The present study concludes that the combination of oral Gabapentin and I.V. dexamethasone has significantly less hemodynamic changes, better postoperative analgesia and less incidence of PONV than individual administration of each drug.

摘要

背景

我们研究了在妇科手术开始前1小时口服加巴喷丁和静脉注射地塞米松联合或单独给药对术中血流动力学、术后镇痛及术后恶心呕吐(PONV)的影响。

材料与方法

将患者随机分为三组:第1组(加巴喷丁组,n = 46)接受400 mg加巴喷丁;第2组(地塞米松组,n = 46)接受8 mg地塞米松;第3组(加巴喷丁加地塞米松组,n = 46)在手术开始前1小时静脉注射400 mg加巴喷丁和8 mg地塞米松。
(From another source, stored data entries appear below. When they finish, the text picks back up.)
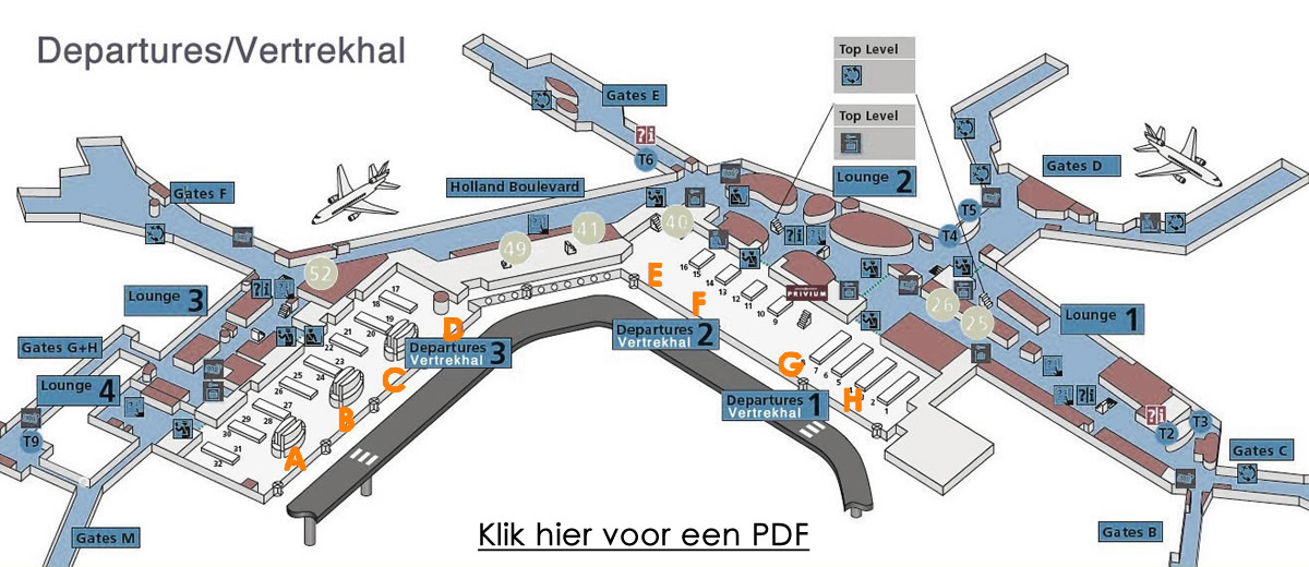 Op de plattegrond ziet u hoe u bij de Vertrekhal kan komen. Heeft u eenmaal uw koffers dan neemt u na de bagagehal direct de lift of roltrap één verdieping omhoog. U komt dan uit in de Vertrekhal. Hier neemt u de dichtstbijzijnde draaideur naar buiten en meldt u de chauffeur telefonisch bij welke deur (A-H) u staat. Vervolgens zal hij u zo snel mogelijk op de 2e rijbaan komen ophalen.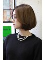 大人かわいい王道の前下がりのワンレンボブ!きっちり分け目のセンターパートは可愛い女性の永遠の定番!カラーは9トーンのアッシュブラウン!乾かすだけでキマるのでスタイリングが楽です!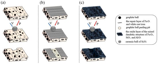Figure 19. Schematic diagram of the wear mechanism of the surface. (a) Substrate surface; (b) laser-remelted surface; (c) prefabricated laser-melted surface.

完成标准的麻醉诱导和维持。记录12小时的疼痛视觉模拟评分。记录副作用。

结果

发现第3组在喉罩置入各时间间隔(0、5、10、15、20、25和30分钟)时的血流动力学及PONV明显低于第1组和第2组(P < 0.05)。第3组首次术后镇痛需求(视觉模拟评分>3)的平均时间(510.00 ± 61.64分钟)明显长于第1组(352.83 ± 80.61分钟)和第2组(294.78 ± 60.76分钟)(P < 0.05)。

结论

本研究得出结论,与单独使用每种药物相比,口服加巴喷丁和静脉注射地塞米松联合使用时血流动力学变化明显较小,术后镇痛效果更好,PONV发生率更低。